EXERCISE GOAL
In the material below, find the line with "1958 Topps #59 Dave Sisler AUTHENTIC" and the line with "Sansheng is fortunate", then output those two lines and every line between them, exactly.

RECORDS SUPPLIED
○ ○ ○ ○ ○ ○ ○

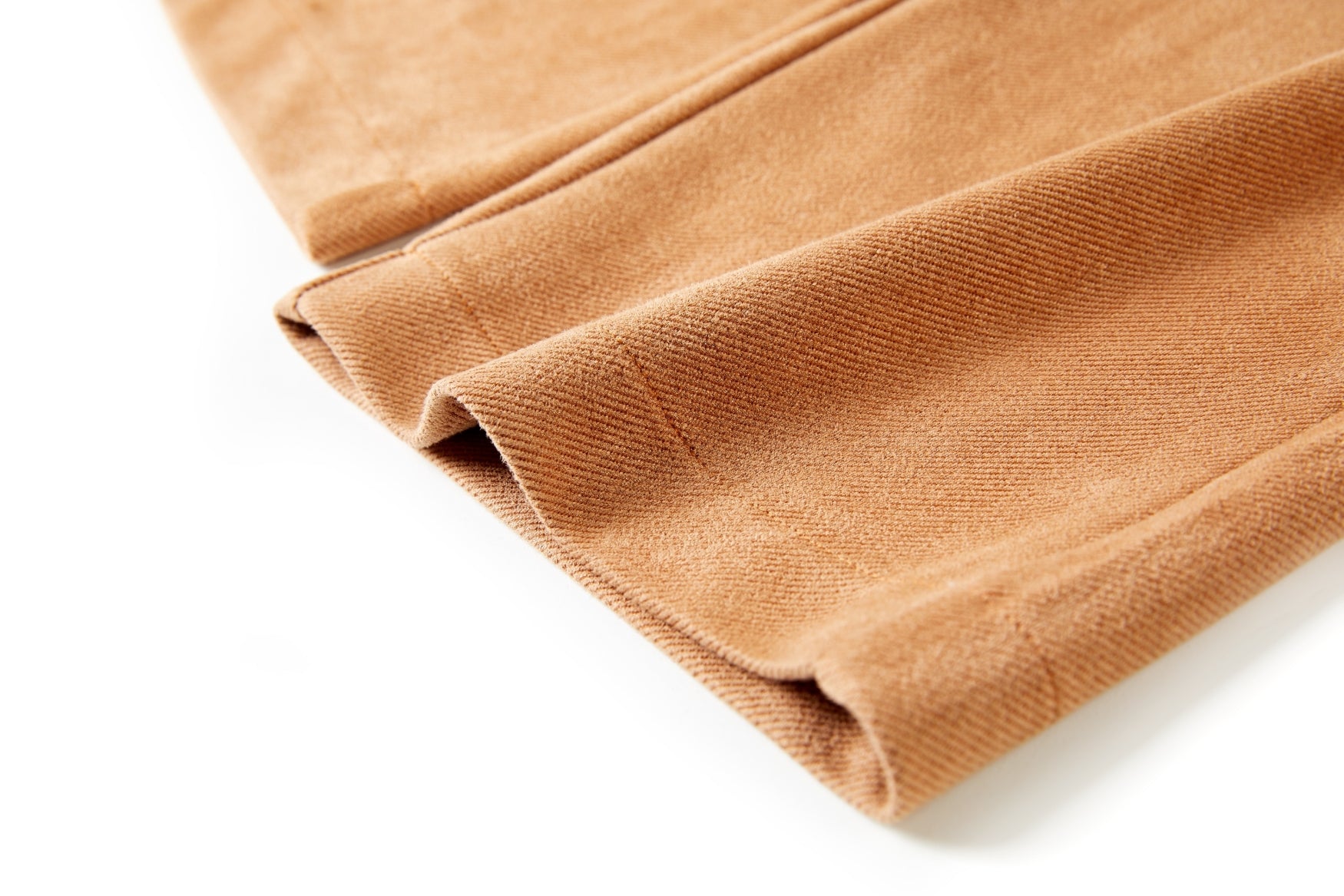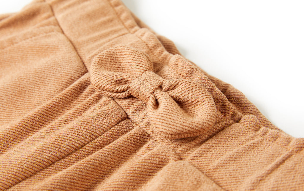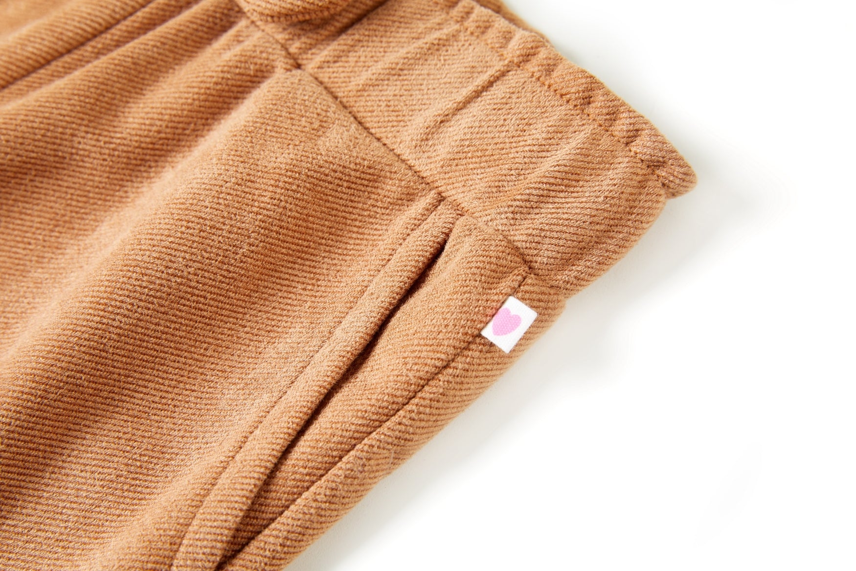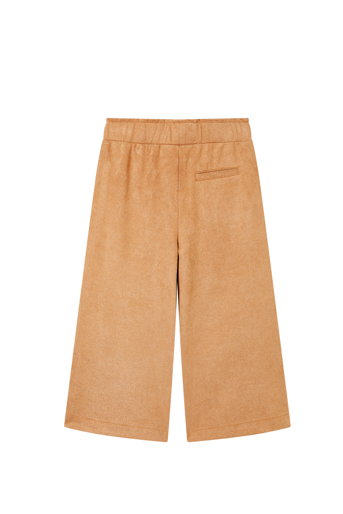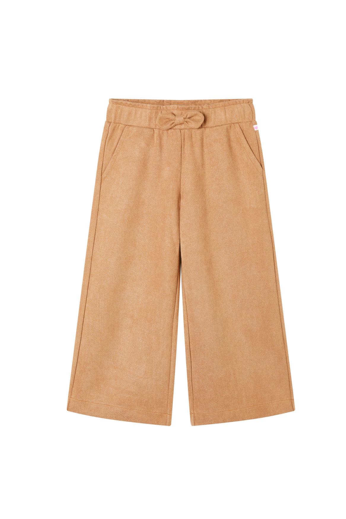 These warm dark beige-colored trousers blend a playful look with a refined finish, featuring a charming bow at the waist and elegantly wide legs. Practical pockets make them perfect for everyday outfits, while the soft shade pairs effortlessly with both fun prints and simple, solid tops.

○ ○ ○ ○ ○ ○ ○

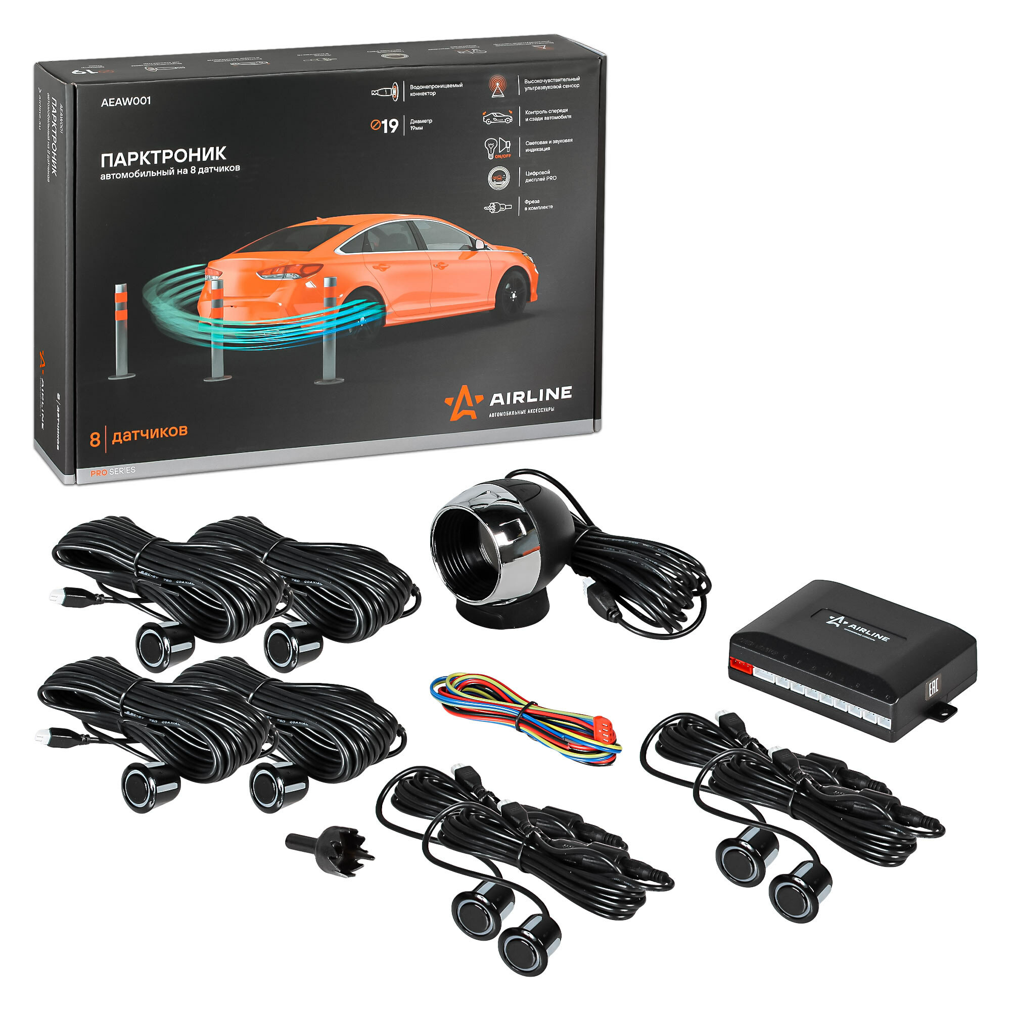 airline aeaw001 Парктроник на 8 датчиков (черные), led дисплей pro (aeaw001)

○ ○ ○ ○ ○ ○ ○

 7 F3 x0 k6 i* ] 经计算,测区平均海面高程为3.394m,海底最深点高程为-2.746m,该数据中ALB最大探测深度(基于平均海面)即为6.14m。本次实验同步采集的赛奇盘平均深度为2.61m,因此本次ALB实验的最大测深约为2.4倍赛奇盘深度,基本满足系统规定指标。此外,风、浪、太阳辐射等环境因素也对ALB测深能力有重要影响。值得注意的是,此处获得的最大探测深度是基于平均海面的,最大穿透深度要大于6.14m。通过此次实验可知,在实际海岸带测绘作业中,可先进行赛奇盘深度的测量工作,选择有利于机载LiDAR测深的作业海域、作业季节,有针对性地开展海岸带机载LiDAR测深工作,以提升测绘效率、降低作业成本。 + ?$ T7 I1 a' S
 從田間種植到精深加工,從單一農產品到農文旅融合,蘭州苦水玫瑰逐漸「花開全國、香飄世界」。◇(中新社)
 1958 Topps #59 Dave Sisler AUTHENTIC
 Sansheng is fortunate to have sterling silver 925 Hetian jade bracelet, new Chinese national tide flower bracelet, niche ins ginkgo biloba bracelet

○ ○ ○ ○ ○ ○ ○

RESULT OF THE TASK
 1958 Topps #59 Dave Sisler AUTHENTIC
 Sansheng is fortunate to have sterling silver 925 Hetian jade bracelet, new Chinese national tide flower bracelet, niche ins ginkgo biloba bracelet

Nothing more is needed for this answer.